To solve the problem \( y = \tan^{-1} \left( \frac{\sqrt{1 + x^2} - 1}{x} \right) \) and find \( \frac{dy}{dx} \), we will use a substitution method to simplify the expression before differentiating. ### Step-by-Step Solution: 1. **Substitution**: Let \( x = \tan(\theta) \).
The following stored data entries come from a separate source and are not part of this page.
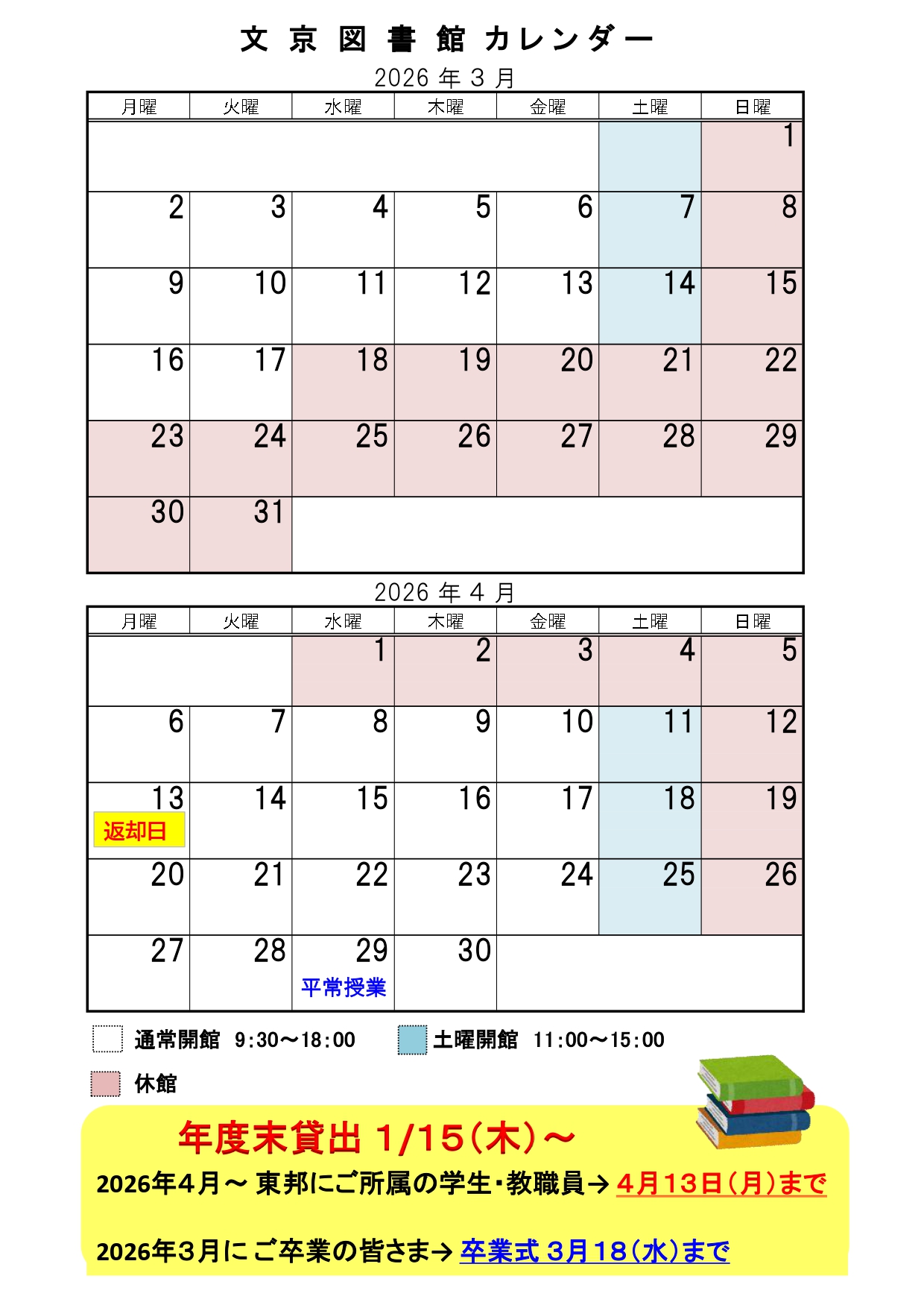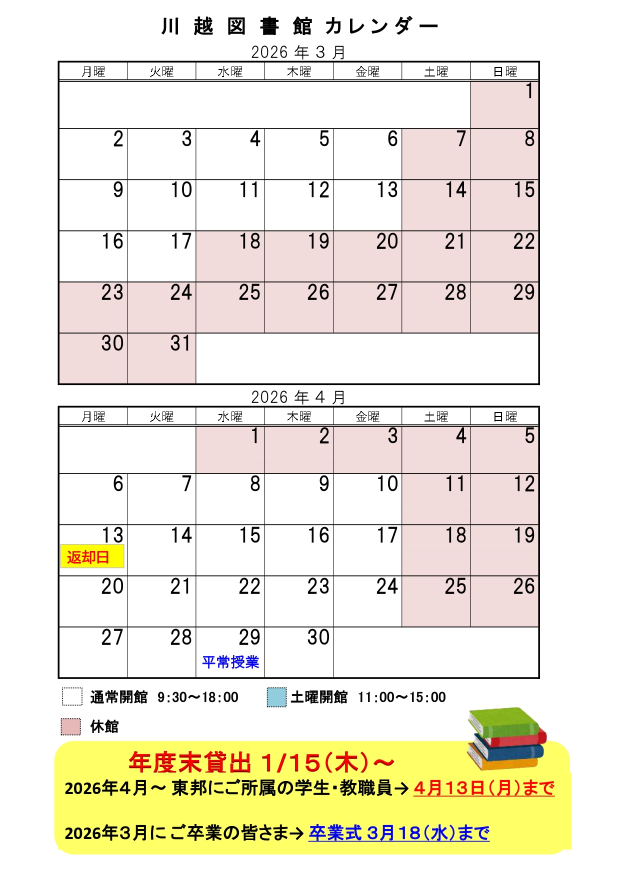 ※その他、短縮開館や臨時休館などは、カレンダーをご覧ください。 画像クリックで拡大。PDFデータを表示します。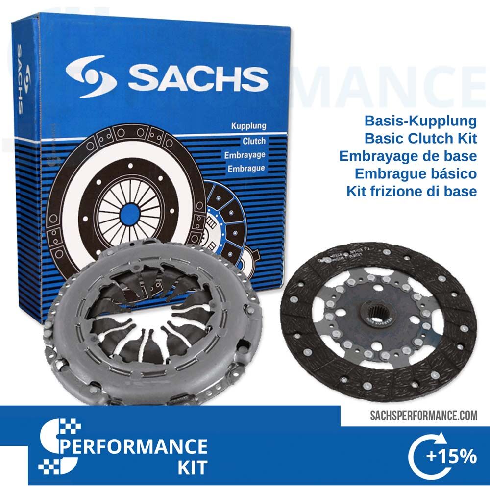Inkluderar SACHS-kopplingstryckplattan och kopplingslamell med Performance-kopplingsbeläggning.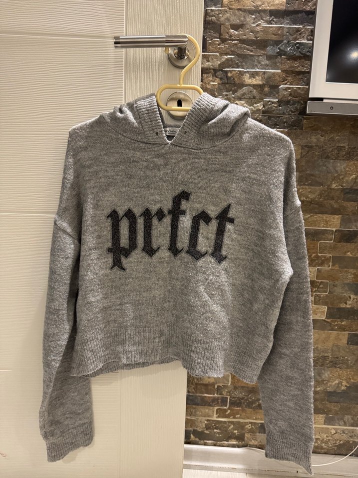 Gri örgü kadın sweatshirt, uzun kollu ve salaş kesimlidir. Önünde 'prtct' baskısı bulunur, günlük rahat tarz için uygundur.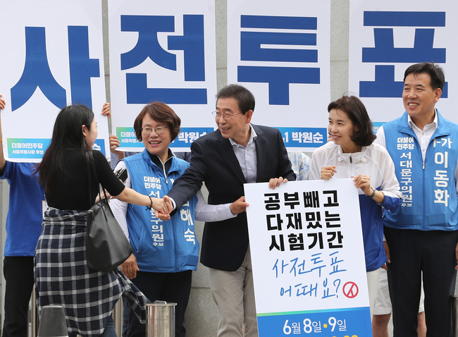 더불어민주당 박원순 서울시장 후보가 7일 오전 서울 서대문구 이화여대 앞에서 '잘 보고, 잘 찍고!' 사전투표 독려 캠페인을 하며 학생들과 악수하고 있다.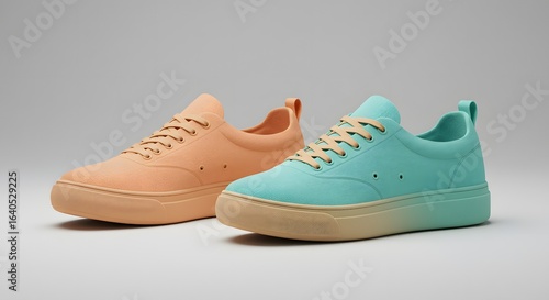 sneaker, shoe, footwear, canvas, fashion, style, casual attire, trendy, modern, peach, teal, blue, orange, beige, lace, pair, studio, product, clothing, apparel, fashionable, comfortable, design, sporty, athletic, youth, unisex, isolated, white background, minimalist, clean, bright, vibrant, dye, colours, summer, spring, lifestyle, accessory, worn, new, shoe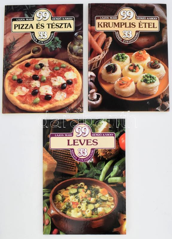 99 p... https://www.darabanth.com/en/476-Online-auction/476.0/Books/Books-Gastronomy-and-Gardening~1500031/Lajos-Mari-Hemzo-Karoly-99-leves-33-szines-etelfotoval-99-pizza-es-teszta-33-szines~II3241549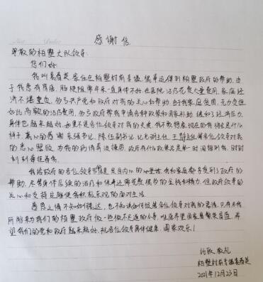袁春英患有胃癌和腸梗阻,常年來一直身體不好,在醫(yī)院治療花費(fèi)了大量的費(fèi)用,家里的經(jīng)濟(jì)負(fù)擔(dān)很重,無力負(fù)擔(dān)高額的治療費(fèi)用。了解到她的情況后,柏墅村積極幫助她申請(qǐng)各種政策和國(guó)家補(bǔ)助,希望可以緩解她的經(jīng)濟(jì)負(fù)擔(dān)。“多虧政府幫我申請(qǐng)了很多補(bǔ)貼,緩解了經(jīng)濟(jì)壓力,現(xiàn)在的身體也越來越好,如果不是各位領(lǐng)導(dǎo)對(duì)我的關(guān)愛,我不敢想象現(xiàn)在的我將會(huì)是什么樣子。”袁春英在自己的手寫感謝信中寫道。

Then, we know that: \[ \sqrt{1 + x^2} = \sqrt{1 + \tan^2(\theta)} = \sec(\theta) \] Therefore, we can rewrite \( y \) as: \[ y = \tan^{-1} \left( \frac{\sec(\theta) - 1}{\tan(\theta)} \right) \] 2. **Simplifying the Expression**: We can rewrite the expression inside the arctangent: \[ y = \tan^{-1} \left( \frac{\sec(\theta) - 1}{\tan(\theta)} \right) = \tan^{-1} \left( \frac{\frac{1}{\cos(\theta)} - 1}{\frac{\sin(\theta)}{\cos(\theta)}} \right) \] Simplifying further: \[ = \tan^{-1} \left( \frac{1 - \cos(\theta)}{\sin(\theta)} \right) \] 3. **Using Trigonometric Identities**: We can use the identity \( 1 - \cos(\theta) = 2\sin^2\left(\frac{\theta}{2}\right) \) to rewrite the expression: \[ y = \tan^{-1} \left( \frac{2\sin^2\left(\frac{\theta}{2}\right)}{\sin(\theta)} \right) \] Since \( \sin(\theta) = 2\sin\left(\frac{\theta}{2}\right)\cos\left(\frac{\theta}{2}\right) \), we have: \[ y = \tan^{-1} \left( \frac{2\sin^2\left(\frac{\theta}{2}\right)}{2\sin\left(\frac{\theta}{2}\right)\cos\left(\frac{\theta}{2}\right)} \right) = \tan^{-1} \left( \frac{\sin\left(\frac{\theta}{2}\right)}{\cos\left(\frac{\theta}{2}\right)} \right) \] Thus, we can simplify: \[ y = \frac{\theta}{2} \] 4. **Finding \( \frac{dy}{dx} \)**: Now, since \( x = \tan(\theta) \), we have: \[ \frac{dx}{d\theta} = \sec^2(\theta) \] Therefore, using the chain rule: \[ \frac{dy}{dx} = \frac{dy}{d\theta} \cdot \frac{d\theta}{dx} \] We know \( \frac{dy}{d\theta} = \frac{1}{2} \), and \( \frac{d\theta}{dx} = \frac{1}{\sec^2(\theta)} = \cos^2(\theta) \). 5. **Final Expression**: Thus, we get: \[ \frac{dy}{dx} = \frac{1}{2} \cdot \cos^2(\theta) \] Since \( \cos(\theta) = \frac{1}{\sqrt{1 + x^2}} \), we have: \[ \frac{dy}{dx} = \frac{1}{2} \cdot \left(\frac{1}{\sqrt{1 + x^2}}\right)^2 = \frac{1}{2(1 + x^2)} \] ### Final Answer: \[ \frac{dy}{dx} = \frac{1}{2(1 + x^2)} \]